Three years of falling weapons and military hardware exports have gone into reverse, reaching almost €8 billion in 2019. The figures have been criticized as proving that controls on weapons deliveries are not working, Deutsche Welle (DW) reported.
German arms exports rose 65% from January to mid-December 2019 compared to 2018 and hit a record of €7.95 billion ($8.8 billion), according to Economy Ministry figures. Politicians from the socialist Left Party and the Greens requested the data, which has been seen by DW.
The documents showed that two of Germany’s top 10 arms export customers, Egypt at number two and the United Arab Emirates (UAE) at number nine, were active participants in the war in Yemen, in spite of government assurances that Germany would no longer arm those countries.
The figures show government-approved exports of weapons, vehicles, and warships beat the previous record in 2015, which was followed by three consecutive years of drops in the value of exports.
Germany’s total export licenses had already exceeded last year’s total of €5.3 billion by the middle of the year, the figures revealed.
The most controversial exports are those to so-called third countries: defined as neither European Union or NATO members (or “NATO-equivalent,” such as Australia). The share of total exports to third countries fell from 52.9% to 44.2% compared to the previous year, but that is partly because overall sales increased. In absolute terms, sales to third countries rose by €1 billion, and five of the top 10 export destinations were third countries.

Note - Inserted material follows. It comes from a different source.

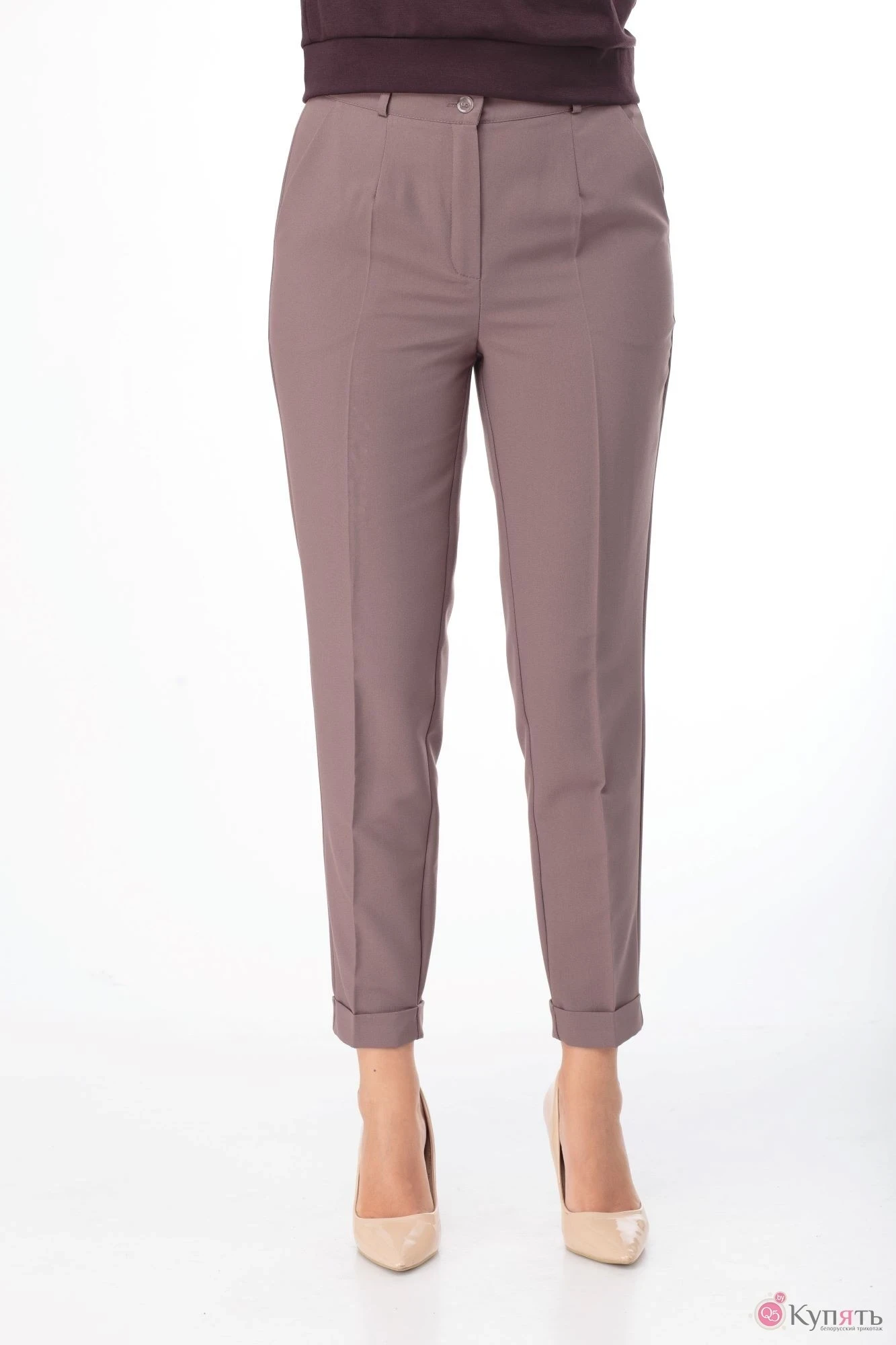 Брюки классического покроя с высокой посадкой, с боковыми карманами, притачным поясом, низ брюк с отворотами.
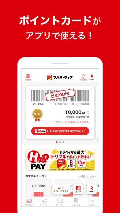 - スマホにポイントカードを登録できる、ツルハドラッグ公式アプリ

Economy Minister Peter Altmaier blamed the huge increase on a backlog caused by the months long wrangling to form a coalition following Germany’s 2017 election. In his answer to the Green party’s information request, State Secretary Ulrich Nussbaum repeated a line familiar from the government’s regular arms export reports: that the total value of exports isn’t an “adequate yardstick” of policy.
“More important is the type of goods and their purpose,” he wrote. “The government pursues a restrictive and responsible arms export control policy.”
It’s true that large contracts with long lead times, for instance for submarines or tanks, often skew export figures, but the government’s answers to a similar information request made in November showed that it rarely blocks an arms deal. In the January-to-October period of both 2018 and 2019, less than 1% of applications from German arms firms were denied: a total of 88 in 2018 and 56 in 2019, out of over 11,000 in 2018 and 9,900 in 2019.
Keul also had little time for the notion that other major western arms exporters, like the US, France, and Britain, have less public discussion about arms sales and so weaker export controls than Germany. “There are debates in those countries too,” she said, citing a UK high court ruling from June that made arms sales to Saudi Arabia unlawful, while the US Congress voted in July to block arms sales to Gulf nations, a decision then vetoed by President Donald Trump.
She also pointed out that Germany has laxer rules on end-use controls than the US, and is less restrictive about allowing arms companies to start joint ventures than France.
The largest number of German weapons deliveries in 2019 went to Hungary, where exports reached €1.77 billion, followed by Egypt at €802 million and the United States at €483 million.
Exports to Budapest made up almost a quarter of the total value of all approvals. Prime Minister Viktor Orban’s right-wing, nationalist government is currently engaged in a massive military upgrade.